您现在的位置是：首页 > 文章详情

用Python统计你的简书数据

日期：2018-05-22点击：541收藏

写在前面

说来也巧，之前有一次无意间留意到简书好像没有做文章总阅读量的统计（准确的说法应该叫展示），刚好最近有时间，趁这个机会就用Python写了这么个功能，既是学习也是练手。

展示效果

再继续往下之前，先贴两张图看看最终的效果。第一张图片展示的是个人简书爬取后的数据，第二张可是大名鼎鼎简叔的简书数据。

个人简书数据

'简叔'简书数据

两图一对比，果然这数量和质量都不是一个等级的，不过后生会继续努力的。写了两个多月的博客了，没想到也有一千多的阅读量了，这是算喜还是算忧呢？哈哈，总之感觉还是蛮欣慰的。

环境说明

python v3.6.4
webpy v0.40-dev1
要求有一定的Python基础

开发搭建

项目中用到的第三方module主要包括Requests、BeautifulSoup和Numpy，因为另外两个安装都比较顺利，所以这里只记录一下安装BeautifulSoup和遇到的问题。

pip安装

 pip install beautifulsoup4 # 安装Beautifulsoup pip install beautifulsoup4 upgrade # 升级Beautifulsoup pip uninstall beautifulsoup4 # 卸载Beautifulsoup

直接下载

地址：https://www.crummy.com/software/BeautifulSoup/bs4/download/ 。下载好后把解压文件夹下的bs4文件夹直接拷贝到python安装目录的Lib下即可。（如果此方法无效，请尝试重新进入解压文件夹下，使用命令python setup.py build和python setup.py install，然后再拷贝复制bs4文件夹）

问题还原

本以为安装好Beautifulsoup后就可以了，没想到在实际运行的时候出现了下面这个问题，如果你在使用的过程中也出现了同样的问题，可以参考如下解决过程。

You are trying to run the Python 2 version of Beautiful Soup under Python 3. This will not work.'<>'You need to convert the code, either by installing it (python setup.py install) or by running 2to3 (2to3 -w bs4).

说明： bs4需要通过python自带的工具2to3.py转化为python3下的文件，这个工具在python安装目录的Tools\scripts中（PS：其他库出现这种情况应该也可以这样解决）。
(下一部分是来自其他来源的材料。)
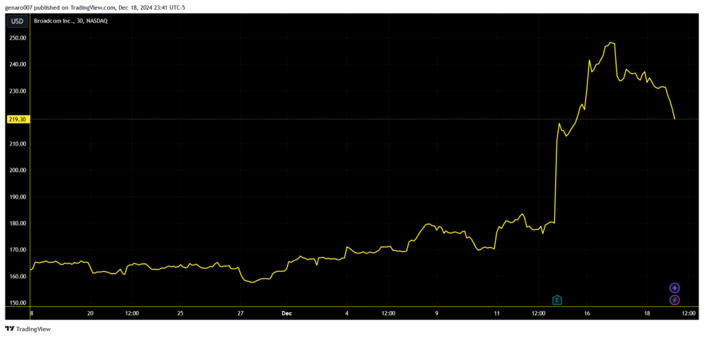 Pokles akcií spomínanej spoločnosti vykompenzoval silný rast akcií firmy Broadcom. Za rastom Broadcomu sa skrývajú silné predaje. Tento rok firma plánuje predať tovar pre sektor umelej inteligencie vo výške 12,2 miliardy dolárov. Predaje pre tento sektor sa za posledný rok strojnásobili.

具体命令：python D:\python36\Tools\scripts\2to3.py -w bs4，如果该命令出现执行错误的情况，可以尝试进入python安装目录下的Lib\bs4中再执行。

其它问题

1.使用webpy过程中，当渲染的模板 ( 大多是html ) 中带有中文的时候，出现了如下错误：

File "D:\python36\lib\site-packages\web\template.py", line 1052, in _load_template return Template(open(path).read(), filename=path, **self._keywords)
UnicodeDecodeError: 'gbk' codec can't decode byte 0x80 in position 298: illegal multibyte sequence

解决办法：直接点进去这个template.py，然后修改代码return Template(open(path).read(), filename=path, **self._keywords)为return Template(open(path, encoding='utf-8').read(), filename=path, **self._keywords)，也就是添加encoding='utf-8'，详细可以查看这个GitHub PR。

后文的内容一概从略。